■ Entries shown:
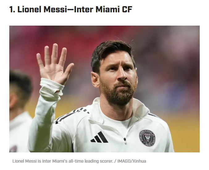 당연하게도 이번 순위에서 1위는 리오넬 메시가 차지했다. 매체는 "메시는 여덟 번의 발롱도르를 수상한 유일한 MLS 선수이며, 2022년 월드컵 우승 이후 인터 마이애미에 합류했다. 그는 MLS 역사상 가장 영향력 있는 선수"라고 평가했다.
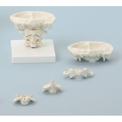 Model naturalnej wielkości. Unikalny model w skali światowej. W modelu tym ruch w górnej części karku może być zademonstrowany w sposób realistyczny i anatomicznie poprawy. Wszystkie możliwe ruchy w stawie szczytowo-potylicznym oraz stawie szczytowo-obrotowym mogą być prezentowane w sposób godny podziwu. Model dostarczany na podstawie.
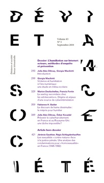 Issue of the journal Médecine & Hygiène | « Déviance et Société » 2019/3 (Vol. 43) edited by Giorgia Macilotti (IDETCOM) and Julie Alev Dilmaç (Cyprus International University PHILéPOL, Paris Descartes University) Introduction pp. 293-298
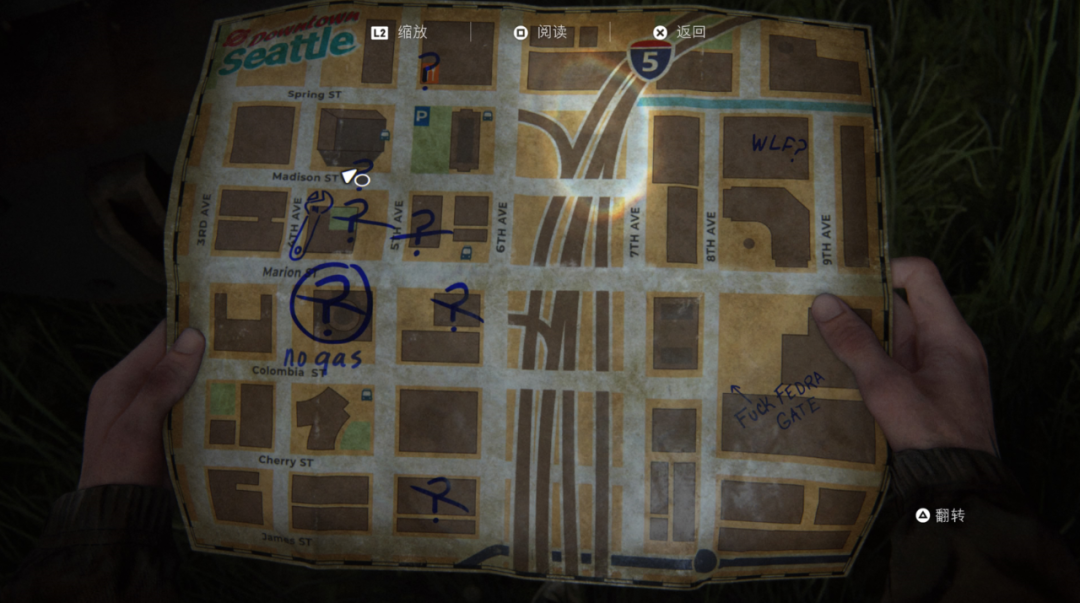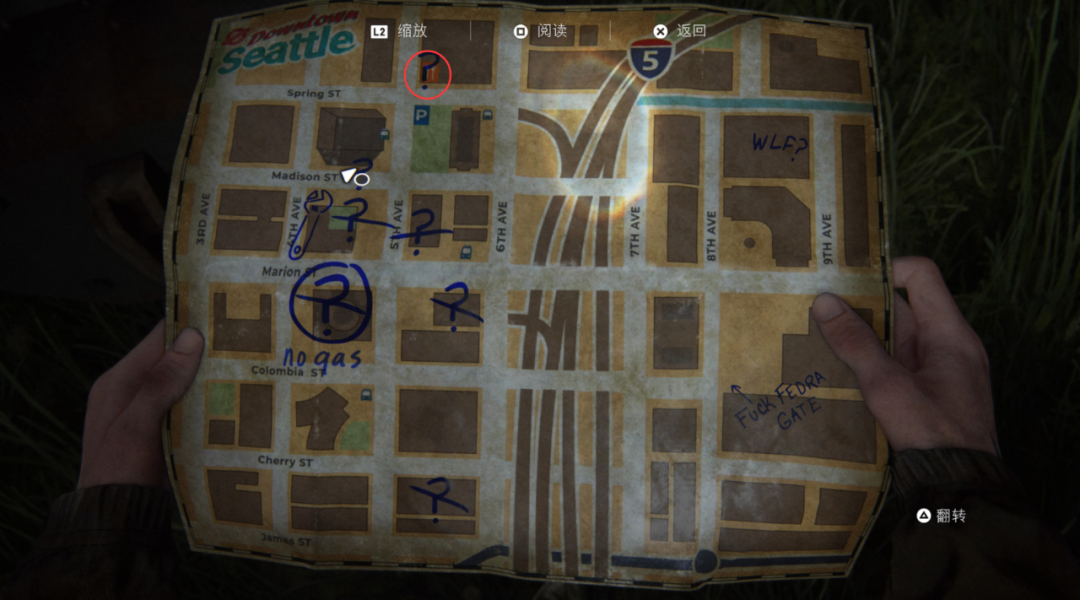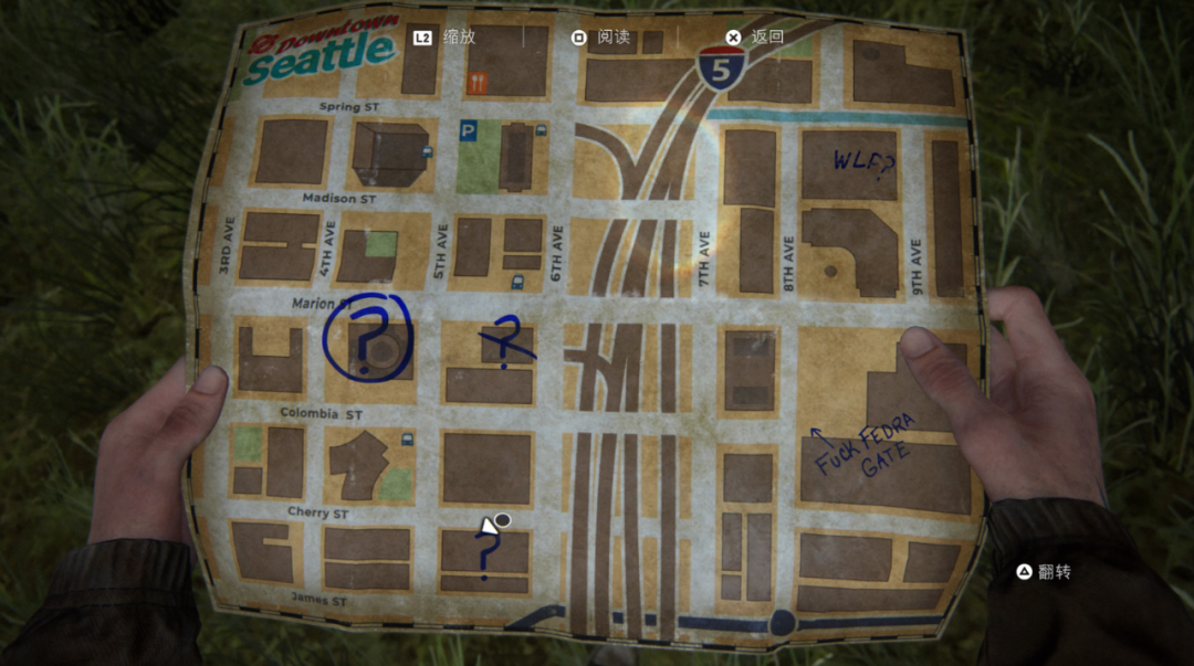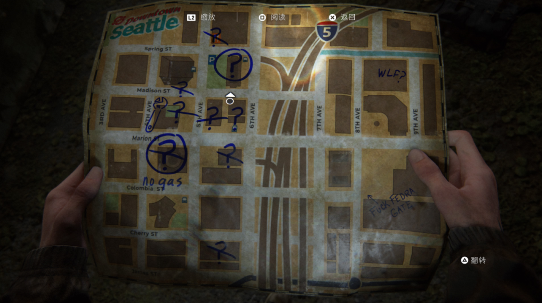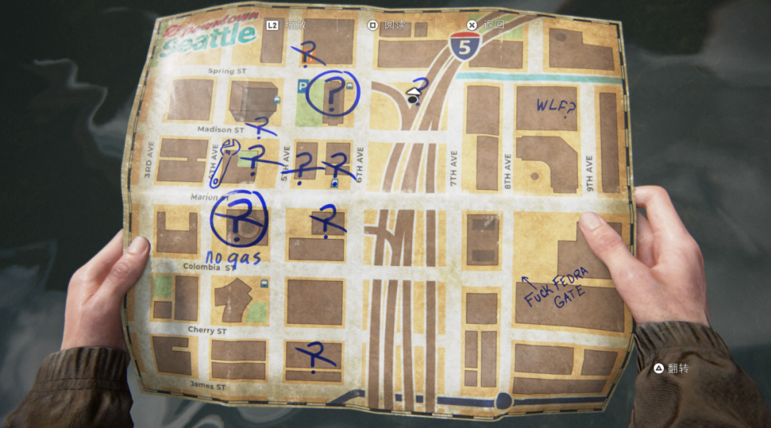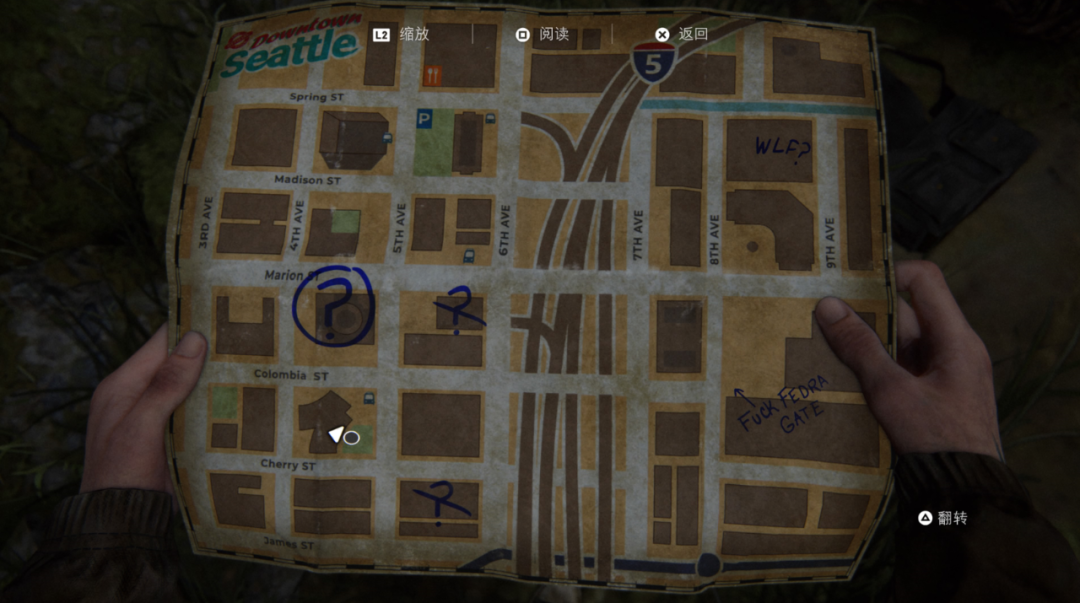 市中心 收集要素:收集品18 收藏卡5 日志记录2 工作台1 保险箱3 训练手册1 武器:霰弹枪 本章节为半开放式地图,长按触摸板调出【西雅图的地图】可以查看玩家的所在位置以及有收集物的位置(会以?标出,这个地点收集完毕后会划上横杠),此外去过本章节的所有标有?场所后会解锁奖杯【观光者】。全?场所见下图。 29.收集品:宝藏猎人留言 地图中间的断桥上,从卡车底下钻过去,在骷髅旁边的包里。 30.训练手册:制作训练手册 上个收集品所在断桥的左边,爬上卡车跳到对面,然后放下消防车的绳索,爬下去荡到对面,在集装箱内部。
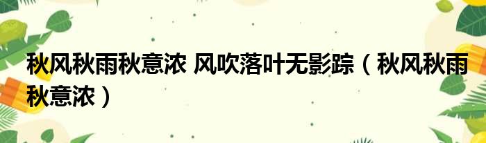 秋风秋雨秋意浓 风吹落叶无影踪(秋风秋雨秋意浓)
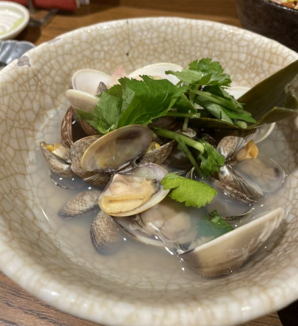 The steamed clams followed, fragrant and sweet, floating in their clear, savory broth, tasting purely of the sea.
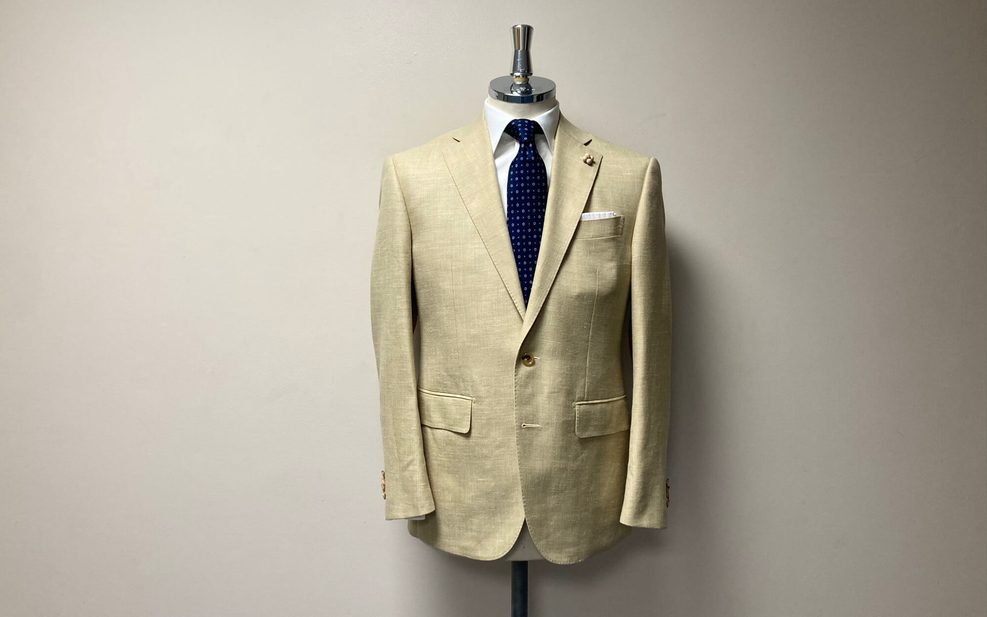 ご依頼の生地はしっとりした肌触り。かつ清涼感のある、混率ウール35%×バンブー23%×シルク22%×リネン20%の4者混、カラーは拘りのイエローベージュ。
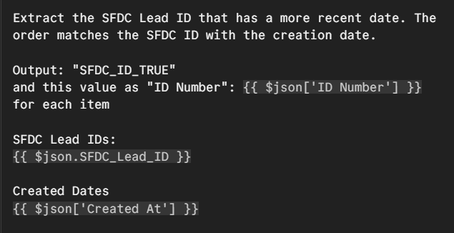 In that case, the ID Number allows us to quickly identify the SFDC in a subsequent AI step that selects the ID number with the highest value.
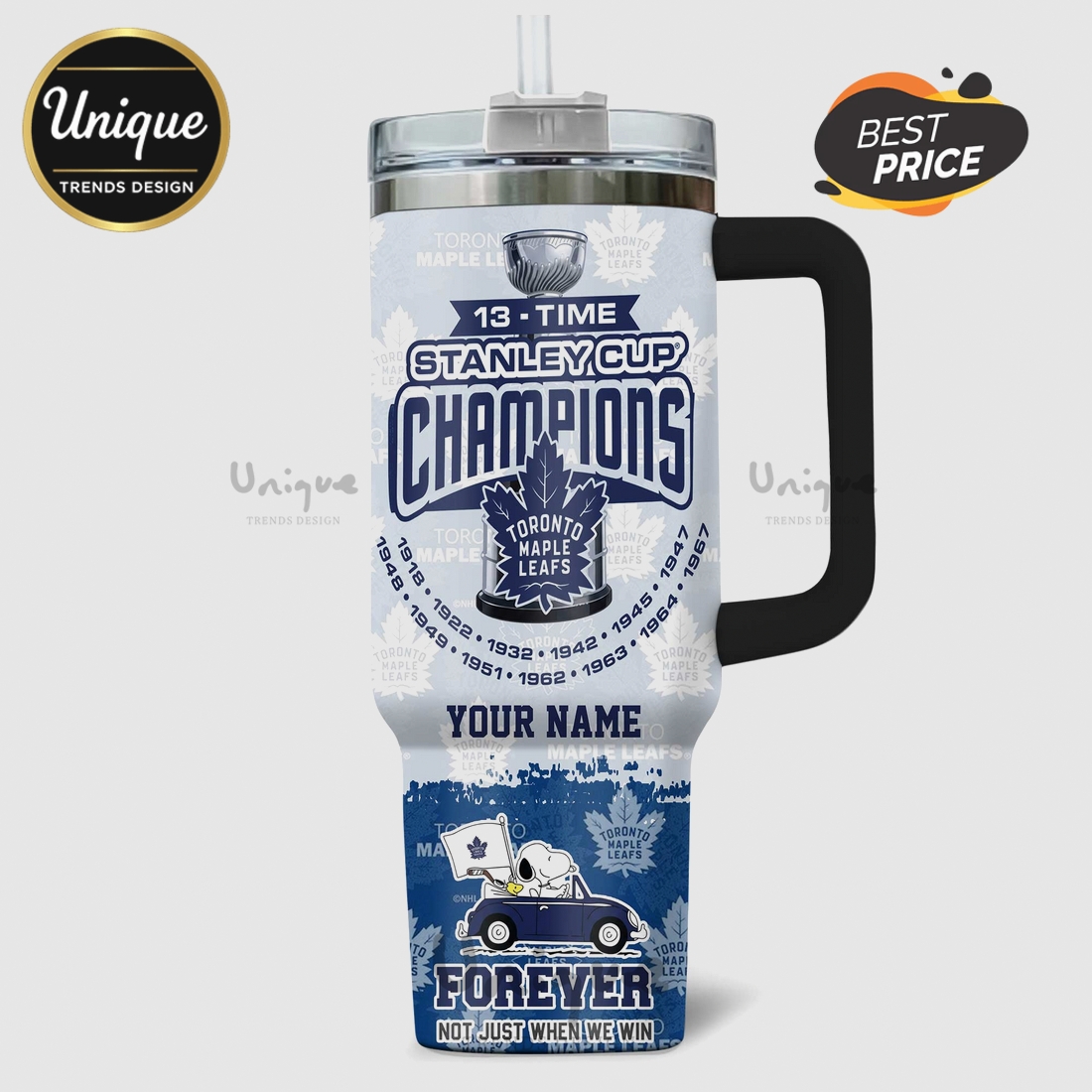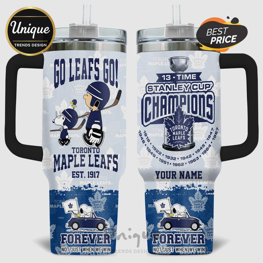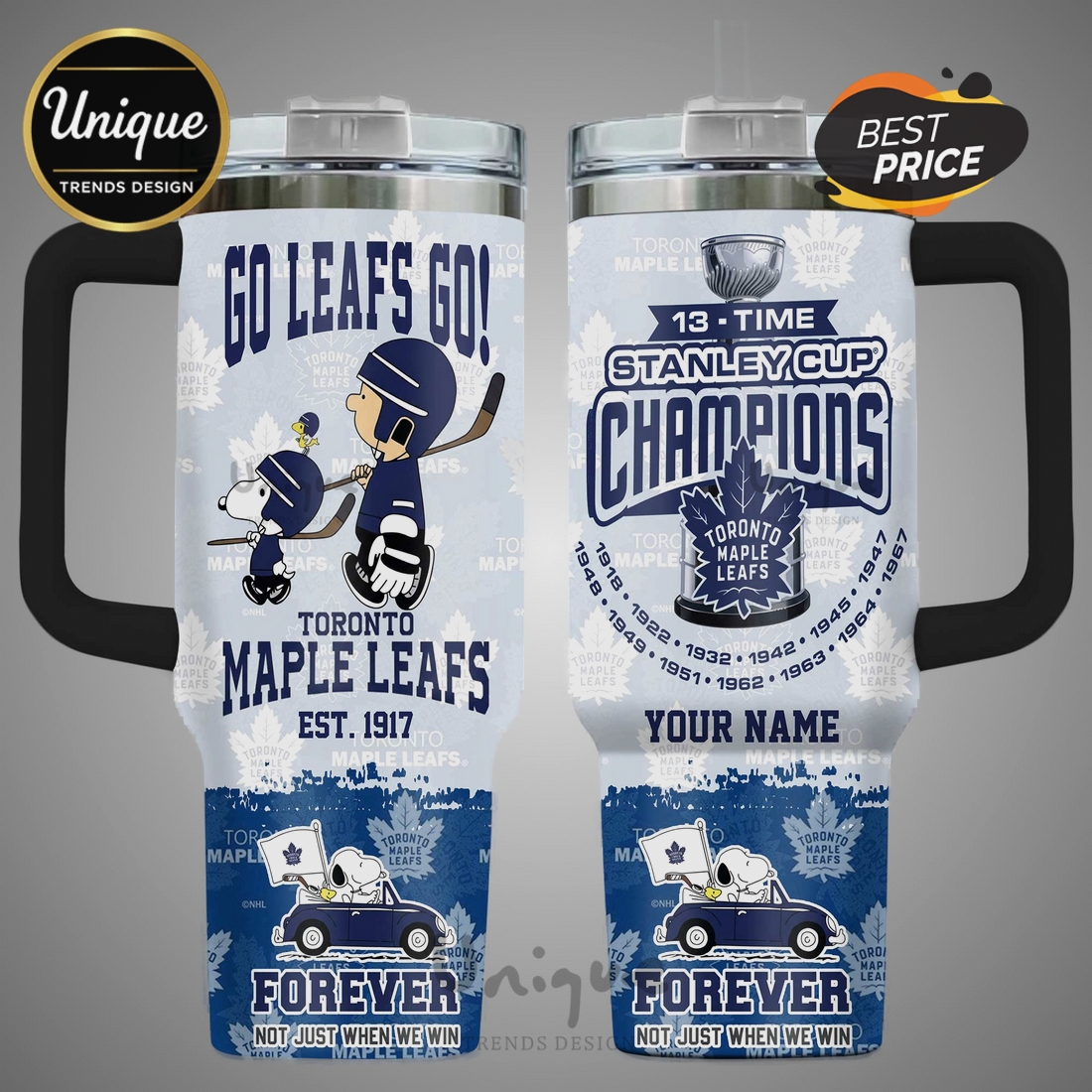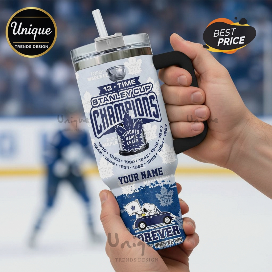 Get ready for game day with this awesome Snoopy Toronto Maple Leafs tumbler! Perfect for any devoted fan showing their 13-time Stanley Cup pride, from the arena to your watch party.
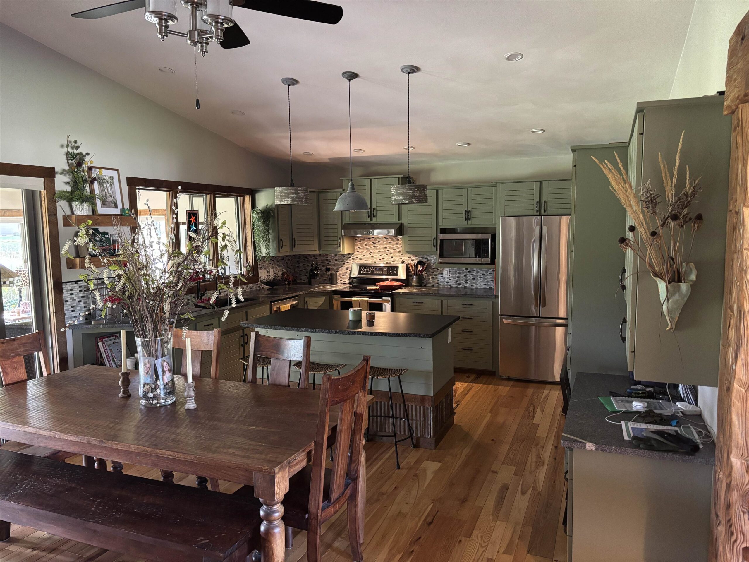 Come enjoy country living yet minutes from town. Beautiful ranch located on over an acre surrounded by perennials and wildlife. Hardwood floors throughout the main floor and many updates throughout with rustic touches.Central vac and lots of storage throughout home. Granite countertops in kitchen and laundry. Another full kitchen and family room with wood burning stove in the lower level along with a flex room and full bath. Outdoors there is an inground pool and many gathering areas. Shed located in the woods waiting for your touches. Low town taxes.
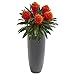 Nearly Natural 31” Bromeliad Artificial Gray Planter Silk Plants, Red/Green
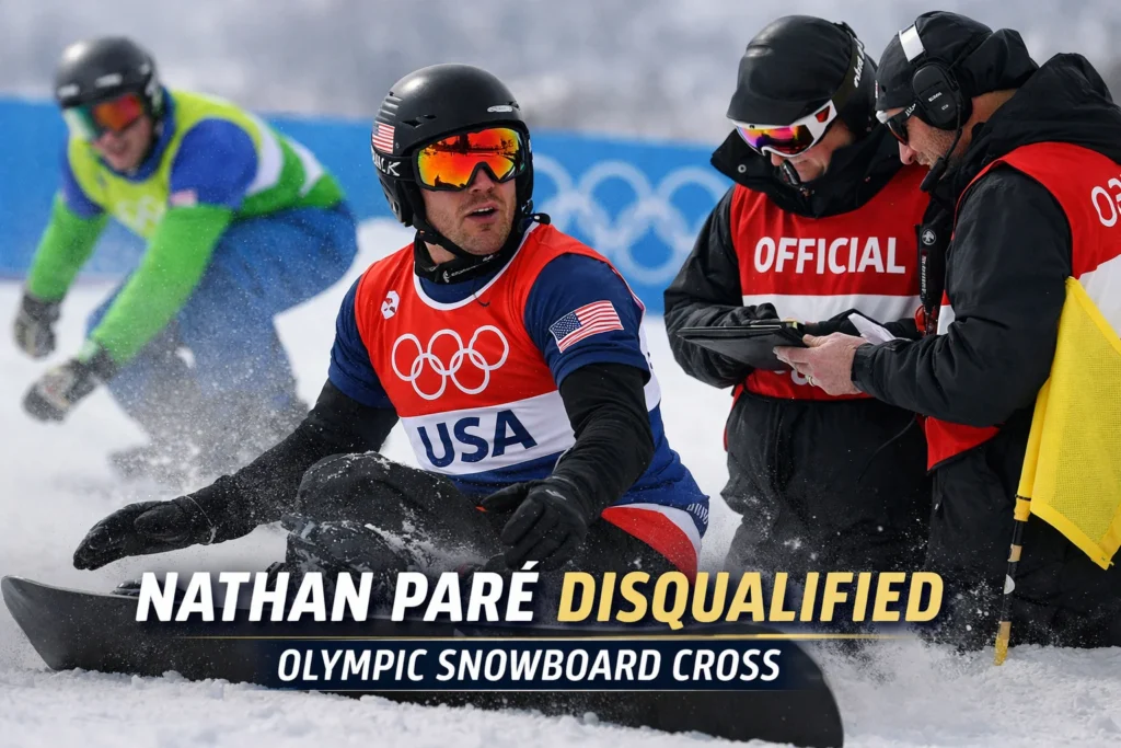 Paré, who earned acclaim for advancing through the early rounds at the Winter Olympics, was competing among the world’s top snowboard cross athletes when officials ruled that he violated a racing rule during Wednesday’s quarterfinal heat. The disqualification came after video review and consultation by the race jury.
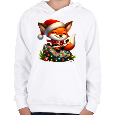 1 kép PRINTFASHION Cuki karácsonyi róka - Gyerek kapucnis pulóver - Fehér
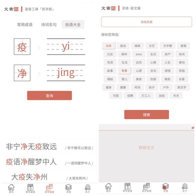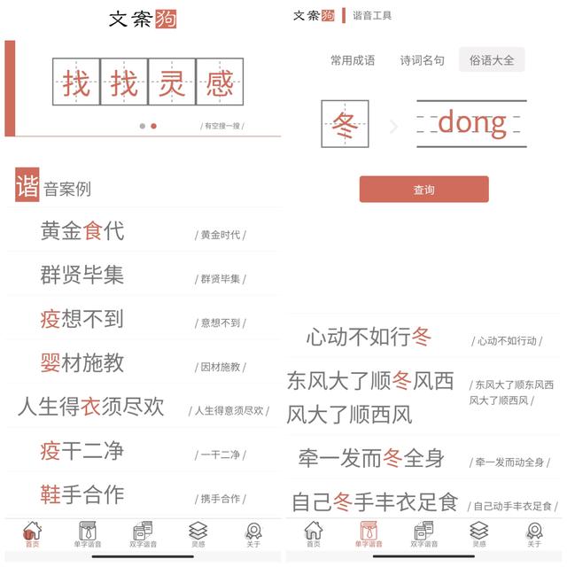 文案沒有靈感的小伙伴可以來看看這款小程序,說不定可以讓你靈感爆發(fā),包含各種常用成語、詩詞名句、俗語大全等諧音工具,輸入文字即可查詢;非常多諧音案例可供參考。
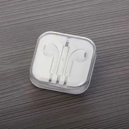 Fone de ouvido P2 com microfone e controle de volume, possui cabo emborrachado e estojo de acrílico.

■ Aim of the exercise: Where a record above contains a picture, leave the picture out and transcribe everything else exactly.

■ Solution for this task:
 당연하게도 이번 순위에서 1위는 리오넬 메시가 차지했다. 매체는 "메시는 여덟 번의 발롱도르를 수상한 유일한 MLS 선수이며, 2022년 월드컵 우승 이후 인터 마이애미에 합류했다. 그는 MLS 역사상 가장 영향력 있는 선수"라고 평가했다.
 Model naturalnej wielkości. Unikalny model w skali światowej. W modelu tym ruch w górnej części karku może być zademonstrowany w sposób realistyczny i anatomicznie poprawy. Wszystkie możliwe ruchy w stawie szczytowo-potylicznym oraz stawie szczytowo-obrotowym mogą być prezentowane w sposób godny podziwu. Model dostarczany na podstawie.
 Issue of the journal Médecine & Hygiène | « Déviance et Société » 2019/3 (Vol. 43) edited by Giorgia Macilotti (IDETCOM) and Julie Alev Dilmaç (Cyprus International University PHILéPOL, Paris Descartes University) Introduction pp. 293-298
 市中心 收集要素:收集品18 收藏卡5 日志记录2 工作台1 保险箱3 训练手册1 武器:霰弹枪 本章节为半开放式地图,长按触摸板调出【西雅图的地图】可以查看玩家的所在位置以及有收集物的位置(会以?标出,这个地点收集完毕后会划上横杠),此外去过本章节的所有标有?场所后会解锁奖杯【观光者】。全?场所见下图。 29.收集品:宝藏猎人留言 地图中间的断桥上,从卡车底下钻过去,在骷髅旁边的包里。 30.训练手册:制作训练手册 上个收集品所在断桥的左边,爬上卡车跳到对面,然后放下消防车的绳索,爬下去荡到对面,在集装箱内部。
 秋风秋雨秋意浓 风吹落叶无影踪(秋风秋雨秋意浓)
 The steamed clams followed, fragrant and sweet, floating in their clear, savory broth, tasting purely of the sea.
 ご依頼の生地はしっとりした肌触り。かつ清涼感のある、混率ウール35%×バンブー23%×シルク22%×リネン20%の4者混、カラーは拘りのイエローベージュ。
 In that case, the ID Number allows us to quickly identify the SFDC in a subsequent AI step that selects the ID number with the highest value.
 Get ready for game day with this awesome Snoopy Toronto Maple Leafs tumbler! Perfect for any devoted fan showing their 13-time Stanley Cup pride, from the arena to your watch party.
 Come enjoy country living yet minutes from town. Beautiful ranch located on over an acre surrounded by perennials and wildlife. Hardwood floors throughout the main floor and many updates throughout with rustic touches.Central vac and lots of storage throughout home. Granite countertops in kitchen and laundry. Another full kitchen and family room with wood burning stove in the lower level along with a flex room and full bath. Outdoors there is an inground pool and many gathering areas. Shed located in the woods waiting for your touches. Low town taxes.
 Nearly Natural 31” Bromeliad Artificial Gray Planter Silk Plants, Red/Green
 Paré, who earned acclaim for advancing through the early rounds at the Winter Olympics, was competing among the world’s top snowboard cross athletes when officials ruled that he violated a racing rule during Wednesday’s quarterfinal heat. The disqualification came after video review and consultation by the race jury.
 1 kép PRINTFASHION Cuki karácsonyi róka - Gyerek kapucnis pulóver - Fehér
 文案沒有靈感的小伙伴可以來看看這款小程序,說不定可以讓你靈感爆發(fā),包含各種常用成語、詩詞名句、俗語大全等諧音工具,輸入文字即可查詢;非常多諧音案例可供參考。
 Fone de ouvido P2 com microfone e controle de volume, possui cabo emborrachado e estojo de acrílico.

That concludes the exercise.